Dalam enam seri awal Moto3 2026, Veda tampil mengejutkan dengan torehan 58 poin dan menempati posisi kelima klasemen sementara. Pencapaian itu membuat namanya mulai diperhitungkan sebagai salah satu rookie terbaik musim ini sekaligus ancaman baru bagi dominasi pembalap Eropa di kelas ringan Grand Prix.
Sorotan terhadap Veda semakin besar karena statistik debutnya disebut lebih baik dibanding Rossi maupun Marquez pada awal karier Grand Prix mereka. Rossi pada musim debut 125cc tahun 1996 hanya mengoleksi 46 poin tanpa podium dalam lima seri awal. Sementara Marquez pada debut Grand Prix 2008 baru mengumpulkan 10 poin dalam lima balapan pertama.
Duel Panas Veda vs Hakim Danish di Mugello
Moto3 Italia 2026 akhir pekan ini juga diprediksi menghadirkan duel sengit antara Veda Ega Pratama dengan rival lamanya asal Malaysia, Hakim Danish. Keduanya sudah saling bersaing sejak Asia Talent Cup hingga Red Bull Rookies Cup.
Hakim Danish memang lebih unggul dalam pengalaman tampil di Mugello karena sudah enam kali balapan di sirkuit tersebut. Namun secara prestasi, Veda terlihat lebih menonjol. Pada Red Bull Rookies Cup 2025, pembalap asal Gunung Kidul itu sukses menyapu bersih kemenangan race 1 dan race 2 di Mugello.
Kemenangan tersebut terasa spesial karena Veda berhasil mengalahkan sejumlah rider yang kini juga tampil di Moto3 seperti Brian Uriarte dan Marco Morelli.
Sementara Hakim Danish baru berhasil meraih podium Mugello pada musim 2025 setelah melalui perjalanan panjang sejak debutnya pada 2023.
Statistik Veda Bikin Padok Moto3 Terkejut
Performa Veda musim ini memang cukup konsisten.
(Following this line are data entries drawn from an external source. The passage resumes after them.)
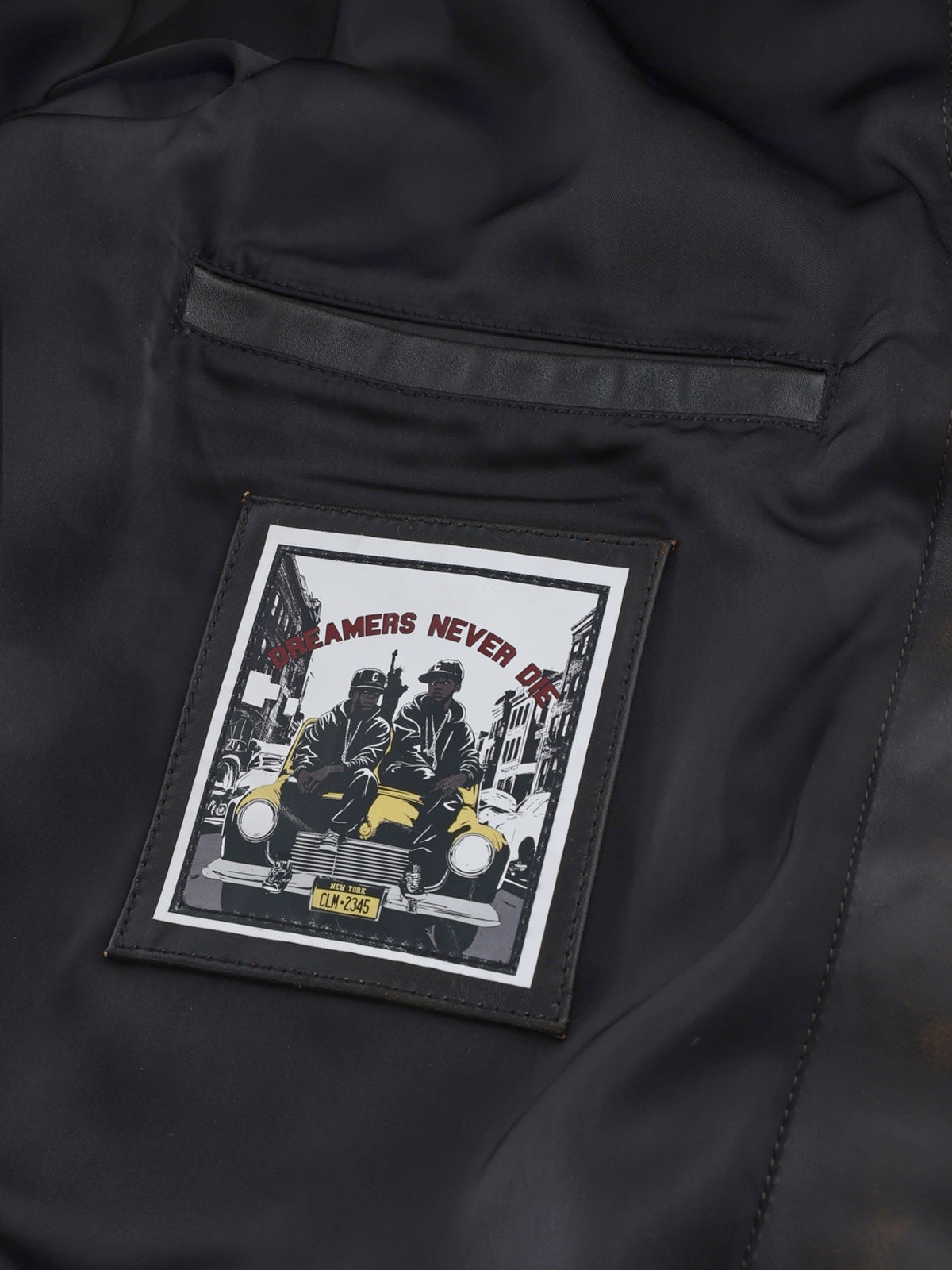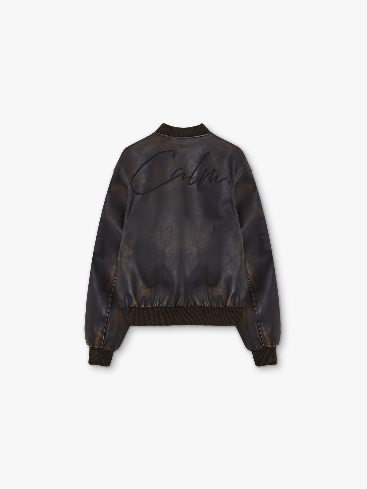 Varsity Jacket made in a thick washed leather. Featuring the iconic calm. logo script embroidered on the back, cow pattern plush inside.
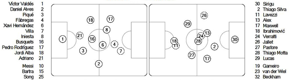 «ПСЖ»: Сальваторе Сиригу, Алекс, Кристоф Жалле, (Грегори ван дер Виль, '88), Максвелл, Тиаго Сильва, Марко Верратти, (Дэвид Бекхэм, '83), Лукас Моура, Тиаго Мотта, Хавьер Пасторе, Златан Ибрагимович, Эсекьель Лавесси, (Кевин Гамейро, '82).
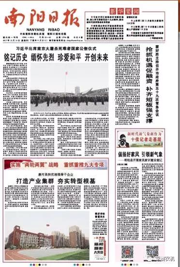 2017年 12月14日,南陽(yáng)日報頭版報道唐河產(chǎn)業(yè)發(fā)展,我公司榜上有名。以下為報道全文。
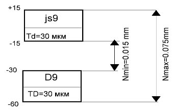 выписываем предельные отклонения.=0,015 мм. - верхнее отклонение
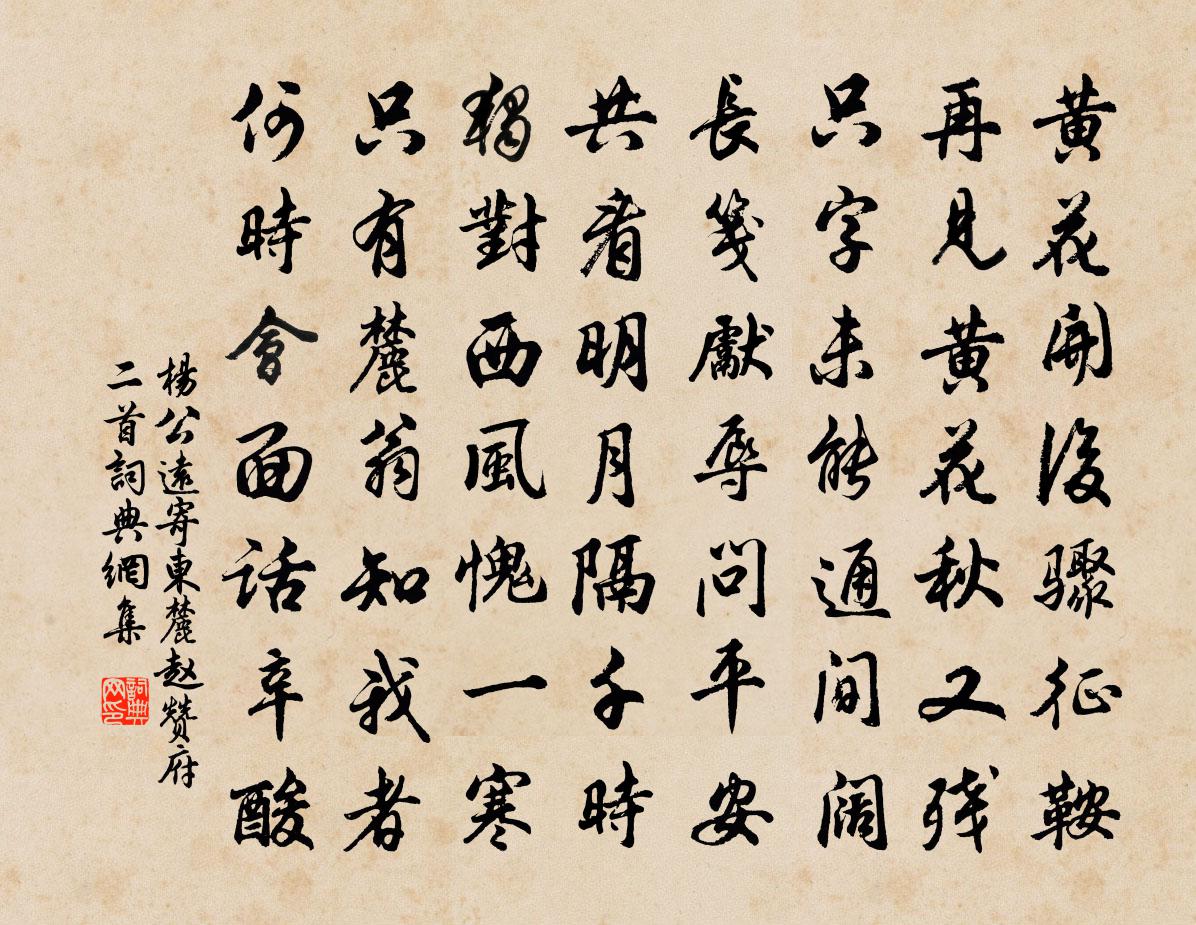 詩詞名句歷史字典書法欣賞書法字典國語詞典說文解字康熙字典古漢語字典標 題 作 者 詩 句 寄東麓趙贊府二首作者:楊公遠 朝代:宋代寄東麓趙贊府二首原文黃花開後驟征鞍,再見黃花秋又殘。隻字未能通間闊,長箋先辱問平安。共看明月隔千時,獨對西風愧一寒。只有麓翁知我者,何時會面話辛酸。詩詞問答問:寄東麓趙贊府二首的作者是誰?答:楊公遠問:寄東麓趙贊府二首寫於哪個朝代?答:宋代楊公遠寄東麓趙贊府二首書法欣賞寄東麓趙贊府二首書法作品詩詞推薦和人與人分惠賜冰楊巨源〔唐代〕天水藏來玉墮空,先頒密署幾人同。映盤皎潔非資月,披扇清涼不在風。瑩質方從綸閣內,凝輝更向畫堂中。麗詞趙表之送梅並詩次韻四首張嵲〔宋代〕綠蓓繁時春欲暗,曉霜濃處信初來。今朝訊息南枝露,知是微陽九地回。念奴嬌(憶先廬春山之勝)程珌〔宋代〕歸來一笑,尚看看趁得,人間寒食。阿壽牽衣仍問我,雙鬢新來添白。忍見庭前,去年芳草,依舊青青色。西湖雨挽鄭甥主學二首劉克莊〔宋代〕北轍心猶銳,南廊策不遷。美芹干將相,采藻淑生徒。賦鵩方強仕,聞雞漫壯圖。未應精爽盡,丹穴有雙雛。和尚書李丈六絕王之望〔宋代〕風光無賴惱詩翁,健筆凌雲思未慵。長句數篇欺白雪,江山浩蕩發春容。碧玉千峰方來〔宋代〕東溪有人豪,調古誰能讀。我來薦芳馨,黃花清可掬。想公憐世人,翻覆變涼燠。至今嫉邪書,字字凜寒玉。挽妹婿汪汻四首許月卿〔宋代〕亡恙壁岩日,媒雲婦有依。世秋君六世,時事彼一時。寂寞吾州隔,諸孤我妹慈。九京逢桂老,東坦愧羲之。詠史詩金義嶺胡曾〔唐代〕鑿開山嶺引湘波,上去昭回不較多。無限鵲臨橋畔立,適來天道過天河。眼兒媚黃機〔宋代〕粉牆朱閣映垂楊。晴綠小池塘。東風颺暖,單衣初試,晝日偏長。鬔鬆兩鬢飛雲影,鈿合未梳妝。闌乾側畔,閒拋遊宦十年於外歸自浙東睹西山先塋周圍林木氣虞儔〔宋代〕萬畝墳山遍野陰,幾年樵採到如今。藩籬有限重加護,斤斧無端免見侵。缺處更須頻檢校,暇時何惜一登臨。先君流杯亭連文鳳〔宋代〕流杯亭下水無聲,滿地牛關野草腥。何事當時貪宴會,至今帝醉未能醒。灞陵行送別李白〔唐代〕送君灞陵亭,灞水流浩浩。上有無花之古樹,下有傷心之春草。我向秦人問路歧,雲是王粲南登之古道。古道連綿別令詩張辭〔唐代〕張辭張辭自不會,天下經書在腹內。身即騰騰處世間,心即逍遙出天外。木犀方岳〔宋代〕羽觴和月嚼冰黃,自笑詩腸老更剛。四出雪花些小大,五千書傳一齊香。君從底處移仙籍,日飲無何作醉鄉。風露金陵雜興二百首蘇泂〔宋代〕小小規模似禁中,分明夏禹欲卑宮。白頭官吏知年幾,猶指屏風說孝宗。挽秦國夫人李流謙〔宋代〕伴渙方興日,憂危未決前。偽書知莽詐,新曆斷周延。冰作群疑泮,風從一語傳。龜靈無此識,上智炳機先。閩中早春張嵲〔宋代〕愁見繁雲貼死灰,驟喜春從天際回。晴雲流爛滿峰起,瀲灩陂塘泉脈來。春歸欲驗將何許,柳腰杏頰知春處。出門因道友說陳搏打睡警之釋印肅〔宋代〕日當午,有巴鼻,莫似這漢打瞌睡。精魄沉滯識神牽,墮入三途難出離。我這裹,不如是,眼若不睡諸夢除。端然送崔玄亮赴果州冬夜宴韓卿宅姚合〔唐代〕蘭燭照重茵,飛杯復幾分。主人寒不寐,上客曉離群。騎吏緣青壁,旌旗度白雲。劍銘生蘚色,巴字疊冰文。華省避地山谷鄧肅〔宋代〕大禹不到處,石壁誰鑿開。雲端欲相摶,飛出白雲來。余沫亂飛雪,雄聲敵春雷。泝流涌百尺,銀山陟崔嵬。顧我名句推薦朝雲亂人目,帝女湘川宿。吳均《登二妃廟》 若非群玉山頭見,會向瑤台月下逢李白《清平調·其一》 斷無蜂蝶慕幽香,紅衣脫盡芳心苦。賀鑄《芳心苦·楊柳回塘》 發短愁催白,顏衰酒借紅。陳師道《除夜對酒贈少章》 寂歷秋江漁火稀,起看殘月映林微。湯顯祖《江宿》 箭徑酸風射眼,膩水染花腥。吳文英《八聲甘州·靈岩陪庾幕諸公游》 人心似鐵,官法如爐。佚名《增廣賢文·上集》 中山孺子倚新妝,鄭女燕姬獨擅場。李夢陽《汴京元夕》 更吹羌笛關山月,無那金閨萬里愁王昌齡《從軍行七首》 君子能勤小物,故無大患。司馬光《資治通鑑·周紀·周紀一》

Pembalap Honda Team Asia itu berhasil finis podium ketiga di Moto3 Brasil 2026 dan beberapa kali finis di posisi 10 besar meski sempat start dari posisi belakang.
Salah satu penampilan terbaiknya terjadi di Catalunya ketika Veda finis kedelapan usai memulai balapan dari posisi ke-20. Comeback tersebut membuat banyak pengamat mulai melihat Veda sebagai rider dengan mental bertarung kuat.
Tak hanya itu, data kecepatan juga menunjukkan potensi besar rider Indonesia tersebut. Pada Moto3 Catalunya 2026, motor Honda NSF250RW milik Veda sempat mencatat top speed hingga 246 km/jam di lintasan lurus.
Meski masih kalah tipis dari Hakim Danish yang mencatat 248,2 km/jam, Veda tetap unggul dalam konsistensi poin klasemen. Saat ini Veda berada di posisi lima besar klasemen dunia, sedangkan Hakim Danish masih tertahan di posisi ke-11.
Dipuji Hiroshi Aoyama dan Jadi Harapan Honda
Bos Honda Team Asia, Hiroshi Aoyama, juga memberikan pujian besar kepada Veda. Menurut Aoyama, pembalap Indonesia itu memiliki kombinasi kemampuan yang jarang dimiliki rookie Moto3.
Aoyama menyebut Veda mempunyai manajemen balapan matang, kemampuan overtaking agresif, race craft kuat, serta mentalitas pantang menyerah.
“Kecepatan balapannya sangat tinggi dan dia tidak pernah menyerah hingga lap terakhir,” ujar Aoyama usai seri Catalunya.